>>>

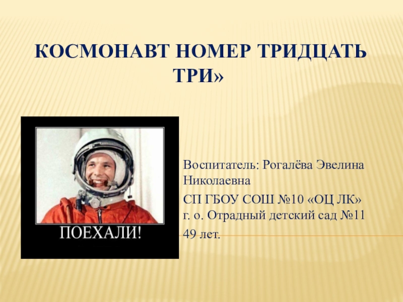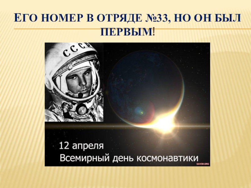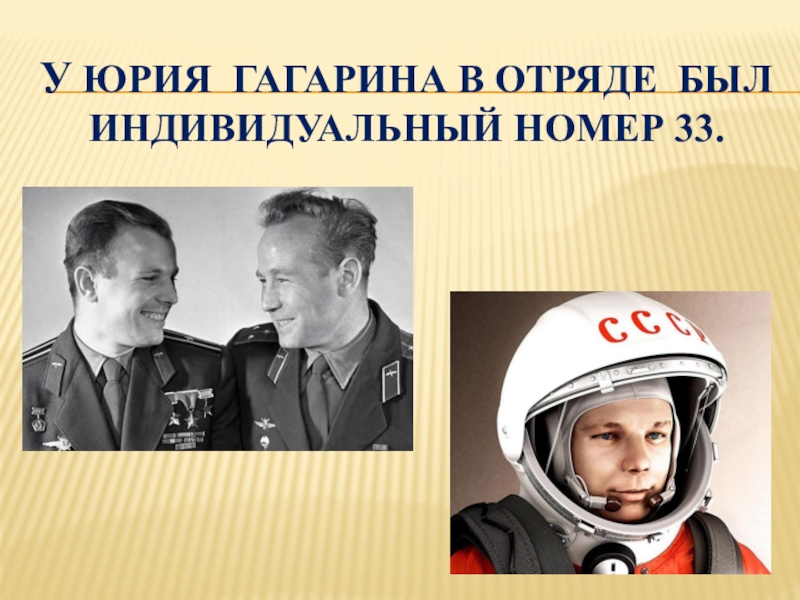 Слайд 35У ЮРИЯ Гагарина в отряде был индивидуальный номер 33.
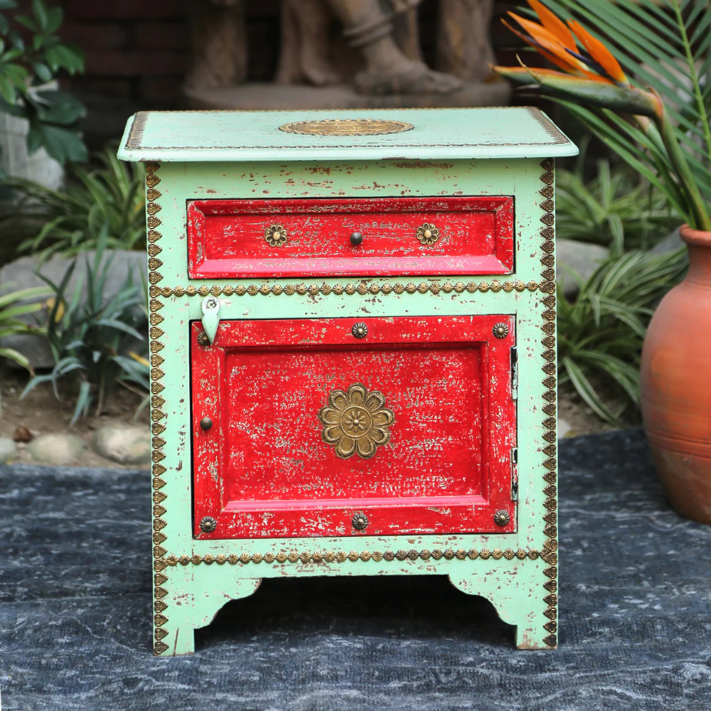 This artistic cabinet is handcrafted and Hand Painted by our artisans from Rajasthan . Perfect as side table or an accent pc. This piece of furniture can elegantly compliment a vintage look.
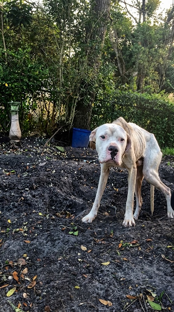 In a quiet backyard in Liberty City, Miami, a Dogo Argentino mix was slowly disappearing. For nearly three months, while neighbors went to work and children played down the street, he stood tied to a tree — trapped inside a shrinking circle of dirt.
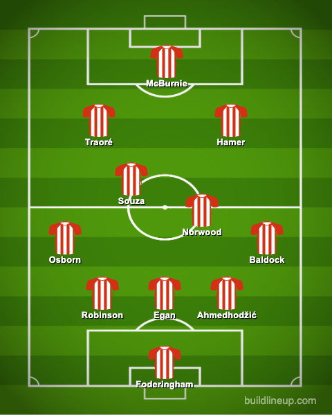 As Pep Guardiola is recovering from back surgery (must be hard carrying all those charges, to be fair), the H&M catalogue man will be watching the game from home. While his players could probably win with Kevin Blackwell in charge, this still opens up an opportunity for United to disrupt the City machine, be it through a pacy counter-attack or a Jack Robinson sliding spectacular. McBurnie has been training hard this week, and I think he’ll be called upon to lead the line with his hold-up play and phenomenally useful knack for winning pretty much every defensive header he’s attempted in his career. A back five will help keep things tight against City’s quick passing, and be solid when trying to react to the space in behind City’s midfield.
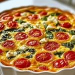 A vibrant and comforting crustless quiche packed with spinach, tomatoes, and feta cheese, perfect for brunch or a light dinner.
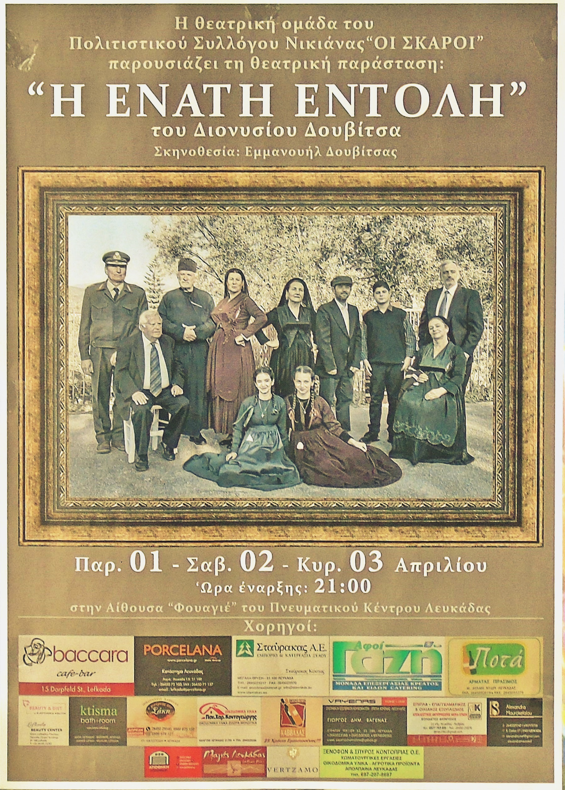 Κυκλοφόρησε η αφίσα με τους χορηγούς για την θεατρική παράσταση «Η ενάτη εντολή» του Διονύση Δουβίτσα (Πριονά) που θα παρουσιάσει σε σκηνοθεσία Μανώλη Δουβίτσα, στο Φουαγιέ του Πνευματικού Κέντρου του Δήμου Λευκάδας, τις τρεις πρώτες μέρες του Απρίλη (1, 2 και 3 Απρίλη 2022), στις 21:00, η θεατρική ομάδα του του Πολιτιστικού Συλλόγου Νικιάνας «οι Σκάροι».
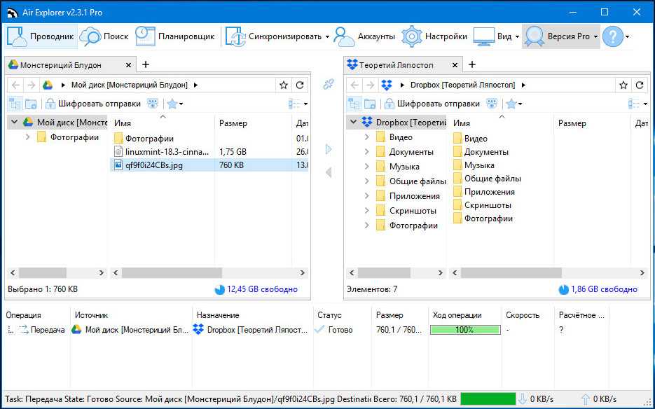 Удобный инструмент для управления и обмена файлами между разными облачными хранилищами. Программа работает с двумя десятками популярных сервисов, среди которых есть Google Drive, Dropbox, One Drive, Mega, Amazon, Mail.ru и Яндекс.Диск, реализована поддержка протоколов FTP, SFTP и WebDAV. Внешне Air Explorer представляет собой двухпанельный файловый менеджер, при подключении облачных хранилищ их содержимое отображается в правой и левой колонке.

<<<

■ What the exercise asks:
Your response must consist of the lines from the beginning of the data through the line containing "A vibrant and", transcribed exactly, with no pictures.

■ Solution:
 Слайд 35У ЮРИЯ Гагарина в отряде был индивидуальный номер 33.
 This artistic cabinet is handcrafted and Hand Painted by our artisans from Rajasthan . Perfect as side table or an accent pc. This piece of furniture can elegantly compliment a vintage look.
 In a quiet backyard in Liberty City, Miami, a Dogo Argentino mix was slowly disappearing. For nearly three months, while neighbors went to work and children played down the street, he stood tied to a tree — trapped inside a shrinking circle of dirt.
 As Pep Guardiola is recovering from back surgery (must be hard carrying all those charges, to be fair), the H&M catalogue man will be watching the game from home. While his players could probably win with Kevin Blackwell in charge, this still opens up an opportunity for United to disrupt the City machine, be it through a pacy counter-attack or a Jack Robinson sliding spectacular. McBurnie has been training hard this week, and I think he’ll be called upon to lead the line with his hold-up play and phenomenally useful knack for winning pretty much every defensive header he’s attempted in his career. A back five will help keep things tight against City’s quick passing, and be solid when trying to react to the space in behind City’s midfield.
 A vibrant and comforting crustless quiche packed with spinach, tomatoes, and feta cheese, perfect for brunch or a light dinner.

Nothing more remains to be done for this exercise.